Etichetta:Voss Records Reperibilità:scarsa

 

“Chi è ‘sto Phil Cristian?”, si starà chiedendo qualcuno dei miei lettori. Solo l’ennesimo nome che ha traversato meteoricamente, e disegnando una scia brevissima e quasi invisibile, il firmamento del rock melodico? La traccia lasciata da Cristian nei nostri cieli è stata senza dubbio effimera e tutt’altro che abbagliante, ma il personaggio non era esattamente un carneade, dato che è stato per molti anni e tantissimi show il tastierista dei Cheap Trick per gli spettacoli dal vivo.

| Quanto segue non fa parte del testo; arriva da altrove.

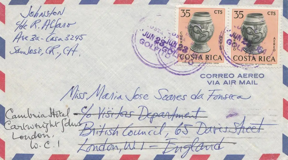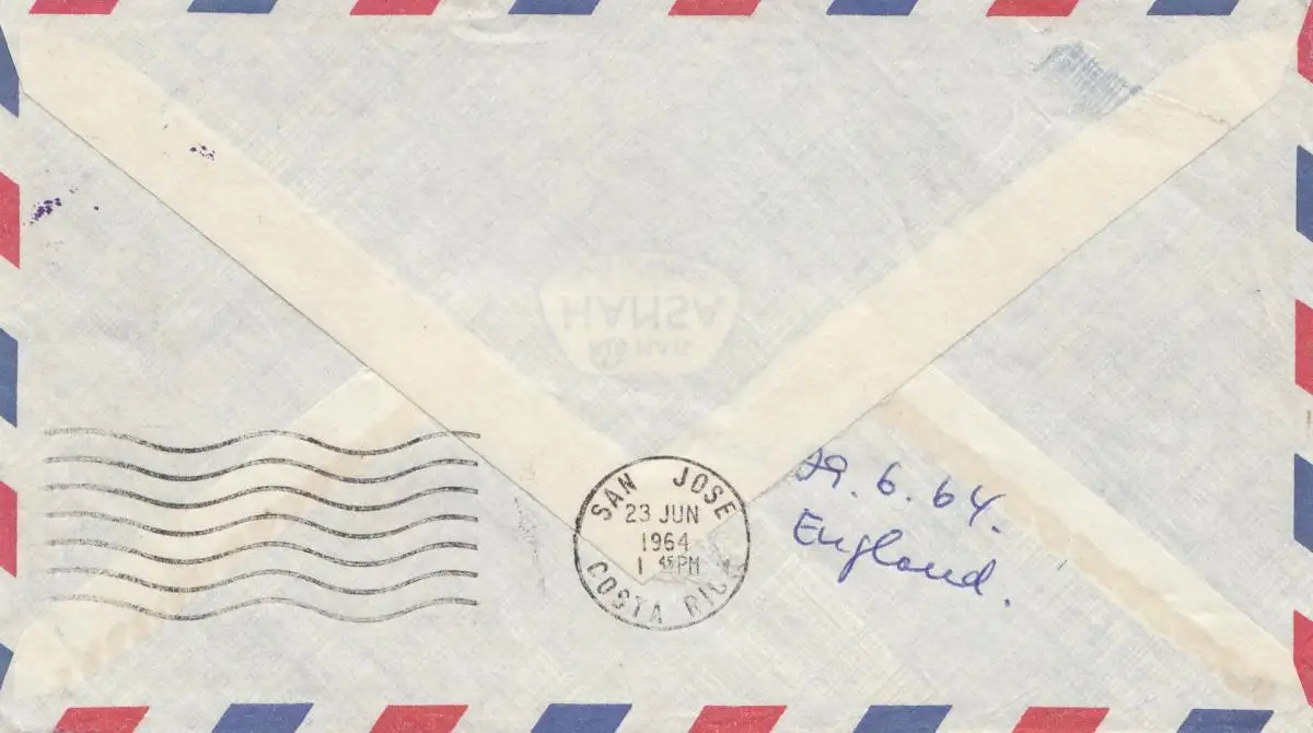 Costa Rica: 1964: San Jose to London - forwarded

Nel 1988, il Nostro decide di diventare un solo artist, ma il contratto che riesce ad agguantare non è di quelli sontuosi, la Voss Records è una piccola indipendente che certo non potrà garantirgli una promozione titanica. Phil si prepara comunque in maniera diligente ad esordire: mette su una backing band che ha il suo perno in un ancora poco noto Stevie Salas e sceglie il rock melodico per tentare la scalata alle classifiche, componendo da solo (in prevalenza) o con Salas tutto il materiale. Della produzione si incarica il proprietario della label, Dan Voss, e il lavoro fatto alla consolle non è certo di bassa qualità. Però ‘No Prisoner’, non si arrampica non dico in cima ma neppure sulle pendici più basse della Billboard 200, e suppongo che pochi ne abbiano sentito parlare in quel 1988 in cui fu pubblicato. L’unica ristampa è del 1997, ci pensa la svedese Empire a riproporlo aggiungendo quattro bonus track, poi l’oblio. Un oblio meritato? Ascoltiamolo…

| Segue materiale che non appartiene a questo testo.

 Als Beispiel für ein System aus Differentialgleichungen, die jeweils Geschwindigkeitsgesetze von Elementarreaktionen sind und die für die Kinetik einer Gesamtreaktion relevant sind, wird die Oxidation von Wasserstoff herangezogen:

Just Another Broken Heart” impasta Survivor e Foreigner in chiave pop rock, tra l’atmospheric power delle strofe e il vigore del coro, e sulla stessa scia si pone “Hey Andrea”, che al mix aggiunge anche una buona dose di Journey. La band di Neil Schon entra con più forza nel tessuto molto primi anni 80 di “Prisoner”, fra i riff secchi, le tastiere suonate col sequencer e il synth bass, mentre “Million Miles Away” è una power ballad (non tanto power, a dire il vero) che torna alle atmosfere delle prime due track. Con la dinamica “Nothing Good in Goodbye” assistiamo a un cambio di scena, la canzone sembra il frutto di un Bryan Adams più cromato del solito e anticipa quanto di lì a qualche anno farà Mitch Malloy, e questa nuova rotta seguono anche “Facing the Fire” e “Waiting 4 U”, entrambe adorne di piacevoli innesti Journey. “Pain for the Pleasure” fa molto Survivor, con un bell’arrangiamento movimentato, “Living in a Bad World” chiude con un interessante pop rock alla Van Stephenson, dove una chitarra funky OGM regge la canzone (che non per caso è una di quelle a cui ha contibuito Salas) tra gli interventi delle tastiere. Le bonus track dell’edizione Empire si intitolano “Mary, Mary” (power ballad molto Journey ma con nette sfumature Beatles), “Mama Don’t Cry” (ancora debitrice del rock di Bryan Adams, ma con una qualità audio un po’ sull’andante), “China’s Crying” (buon AOR di impronta canadese, d’atmosfera nelle strofe, più elettrico nel refrain) e “Nina’s Song” (strumentale pomposo per archi e tastiere).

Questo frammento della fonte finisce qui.